Top of Source material
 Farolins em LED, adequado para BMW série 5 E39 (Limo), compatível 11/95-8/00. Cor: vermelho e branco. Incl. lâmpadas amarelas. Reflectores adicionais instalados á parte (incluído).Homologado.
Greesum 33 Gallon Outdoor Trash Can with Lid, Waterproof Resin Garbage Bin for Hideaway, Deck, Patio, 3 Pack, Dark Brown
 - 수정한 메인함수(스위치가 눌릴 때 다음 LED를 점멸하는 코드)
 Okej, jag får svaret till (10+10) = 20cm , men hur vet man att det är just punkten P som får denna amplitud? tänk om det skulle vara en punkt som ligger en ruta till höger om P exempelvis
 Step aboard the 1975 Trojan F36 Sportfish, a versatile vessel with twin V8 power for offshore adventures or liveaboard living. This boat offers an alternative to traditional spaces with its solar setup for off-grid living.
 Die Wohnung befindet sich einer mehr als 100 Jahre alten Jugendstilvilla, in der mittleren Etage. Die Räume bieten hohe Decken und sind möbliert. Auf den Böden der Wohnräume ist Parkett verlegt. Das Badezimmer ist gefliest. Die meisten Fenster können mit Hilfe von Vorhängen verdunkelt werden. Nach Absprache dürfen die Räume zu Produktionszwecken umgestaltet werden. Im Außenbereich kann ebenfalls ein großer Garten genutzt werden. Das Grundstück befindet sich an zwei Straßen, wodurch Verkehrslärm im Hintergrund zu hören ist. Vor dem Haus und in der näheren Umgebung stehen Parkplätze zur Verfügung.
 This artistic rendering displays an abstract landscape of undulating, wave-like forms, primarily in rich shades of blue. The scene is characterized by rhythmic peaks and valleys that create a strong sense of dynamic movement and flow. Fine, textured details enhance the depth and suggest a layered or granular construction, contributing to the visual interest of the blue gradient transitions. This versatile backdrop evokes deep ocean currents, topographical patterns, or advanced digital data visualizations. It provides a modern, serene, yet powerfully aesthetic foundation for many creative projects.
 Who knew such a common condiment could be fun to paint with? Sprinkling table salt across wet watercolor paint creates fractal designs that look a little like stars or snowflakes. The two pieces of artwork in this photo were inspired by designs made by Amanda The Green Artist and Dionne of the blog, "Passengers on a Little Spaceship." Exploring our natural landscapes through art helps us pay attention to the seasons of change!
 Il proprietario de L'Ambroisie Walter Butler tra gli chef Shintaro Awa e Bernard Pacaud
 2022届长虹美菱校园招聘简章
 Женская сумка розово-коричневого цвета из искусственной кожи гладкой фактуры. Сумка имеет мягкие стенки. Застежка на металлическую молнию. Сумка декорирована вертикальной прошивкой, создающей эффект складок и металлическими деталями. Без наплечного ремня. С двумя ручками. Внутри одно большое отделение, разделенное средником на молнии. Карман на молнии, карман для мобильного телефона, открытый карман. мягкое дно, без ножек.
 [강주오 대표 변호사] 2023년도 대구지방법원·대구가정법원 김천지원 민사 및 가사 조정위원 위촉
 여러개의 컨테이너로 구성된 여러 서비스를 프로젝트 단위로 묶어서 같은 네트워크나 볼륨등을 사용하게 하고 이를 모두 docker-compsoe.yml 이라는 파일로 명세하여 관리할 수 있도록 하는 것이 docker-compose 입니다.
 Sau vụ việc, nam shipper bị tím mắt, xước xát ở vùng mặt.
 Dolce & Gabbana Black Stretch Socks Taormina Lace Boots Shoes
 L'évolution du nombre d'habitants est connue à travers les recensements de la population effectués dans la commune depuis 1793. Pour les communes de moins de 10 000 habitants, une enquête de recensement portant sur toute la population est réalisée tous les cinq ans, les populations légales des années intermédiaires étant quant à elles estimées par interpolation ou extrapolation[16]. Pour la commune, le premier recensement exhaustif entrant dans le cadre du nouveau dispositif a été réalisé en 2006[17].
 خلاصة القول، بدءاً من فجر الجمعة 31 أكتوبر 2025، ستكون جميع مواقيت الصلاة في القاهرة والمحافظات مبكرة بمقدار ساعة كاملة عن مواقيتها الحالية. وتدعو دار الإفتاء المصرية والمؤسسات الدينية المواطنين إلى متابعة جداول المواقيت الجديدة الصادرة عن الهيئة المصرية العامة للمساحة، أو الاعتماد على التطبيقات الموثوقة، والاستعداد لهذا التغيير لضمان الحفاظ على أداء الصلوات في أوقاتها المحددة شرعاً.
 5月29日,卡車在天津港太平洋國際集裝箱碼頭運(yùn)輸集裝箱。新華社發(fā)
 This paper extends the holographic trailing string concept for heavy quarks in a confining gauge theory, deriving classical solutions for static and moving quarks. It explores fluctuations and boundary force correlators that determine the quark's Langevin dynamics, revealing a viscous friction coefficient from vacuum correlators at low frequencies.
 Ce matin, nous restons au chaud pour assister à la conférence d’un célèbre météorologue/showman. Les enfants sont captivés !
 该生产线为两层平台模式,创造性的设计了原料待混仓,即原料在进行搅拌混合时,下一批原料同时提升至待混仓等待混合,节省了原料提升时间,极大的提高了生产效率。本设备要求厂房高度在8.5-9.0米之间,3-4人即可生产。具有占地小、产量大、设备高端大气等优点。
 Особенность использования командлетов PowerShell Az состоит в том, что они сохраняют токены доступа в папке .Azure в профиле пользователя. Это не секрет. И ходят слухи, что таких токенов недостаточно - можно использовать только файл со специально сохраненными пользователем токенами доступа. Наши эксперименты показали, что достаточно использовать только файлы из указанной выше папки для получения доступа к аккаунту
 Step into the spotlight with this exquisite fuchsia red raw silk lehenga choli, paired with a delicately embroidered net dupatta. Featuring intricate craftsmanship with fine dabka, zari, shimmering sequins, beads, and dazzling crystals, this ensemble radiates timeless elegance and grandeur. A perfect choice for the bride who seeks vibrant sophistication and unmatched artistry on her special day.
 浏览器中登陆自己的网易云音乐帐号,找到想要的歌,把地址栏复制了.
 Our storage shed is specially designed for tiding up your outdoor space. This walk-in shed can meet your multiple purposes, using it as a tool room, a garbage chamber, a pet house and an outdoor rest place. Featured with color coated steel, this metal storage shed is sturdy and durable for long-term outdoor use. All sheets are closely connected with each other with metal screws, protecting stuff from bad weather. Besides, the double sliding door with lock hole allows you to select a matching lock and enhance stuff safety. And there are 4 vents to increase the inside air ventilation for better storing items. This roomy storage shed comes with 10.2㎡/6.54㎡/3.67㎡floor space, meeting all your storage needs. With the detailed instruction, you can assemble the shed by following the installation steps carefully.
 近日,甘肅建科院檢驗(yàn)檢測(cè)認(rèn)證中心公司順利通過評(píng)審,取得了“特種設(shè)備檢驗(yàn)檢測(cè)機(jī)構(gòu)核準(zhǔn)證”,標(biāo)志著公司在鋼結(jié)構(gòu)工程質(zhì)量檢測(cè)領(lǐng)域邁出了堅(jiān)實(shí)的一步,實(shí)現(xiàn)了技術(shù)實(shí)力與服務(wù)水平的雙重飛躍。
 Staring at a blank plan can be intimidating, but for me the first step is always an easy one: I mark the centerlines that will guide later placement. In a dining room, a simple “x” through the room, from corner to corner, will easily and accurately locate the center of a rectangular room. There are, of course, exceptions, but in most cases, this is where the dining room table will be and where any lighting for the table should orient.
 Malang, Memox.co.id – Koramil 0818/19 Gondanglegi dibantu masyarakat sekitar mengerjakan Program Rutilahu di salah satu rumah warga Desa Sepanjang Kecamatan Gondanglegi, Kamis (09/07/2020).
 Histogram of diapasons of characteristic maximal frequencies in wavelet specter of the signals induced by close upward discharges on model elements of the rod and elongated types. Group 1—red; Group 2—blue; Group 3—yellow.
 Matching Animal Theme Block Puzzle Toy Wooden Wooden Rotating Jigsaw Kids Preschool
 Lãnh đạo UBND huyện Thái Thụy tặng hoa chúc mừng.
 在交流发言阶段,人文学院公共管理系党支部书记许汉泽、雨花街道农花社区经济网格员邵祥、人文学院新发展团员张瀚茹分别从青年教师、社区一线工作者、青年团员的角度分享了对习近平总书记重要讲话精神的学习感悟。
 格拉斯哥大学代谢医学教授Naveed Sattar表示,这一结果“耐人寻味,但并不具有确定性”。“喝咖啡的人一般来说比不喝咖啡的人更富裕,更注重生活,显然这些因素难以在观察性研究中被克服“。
Bottom of Source material
■ Problem to work on ■
Output, exactly and in full, the lines from the start of the entries above through the line that contains "Greesum 33 Gallon".

■ Answer box ■
 Farolins em LED, adequado para BMW série 5 E39 (Limo), compatível 11/95-8/00. Cor: vermelho e branco. Incl. lâmpadas amarelas. Reflectores adicionais instalados á parte (incluído).Homologado.
Greesum 33 Gallon Outdoor Trash Can with Lid, Waterproof Resin Garbage Bin for Hideaway, Deck, Patio, 3 Pack, Dark Brown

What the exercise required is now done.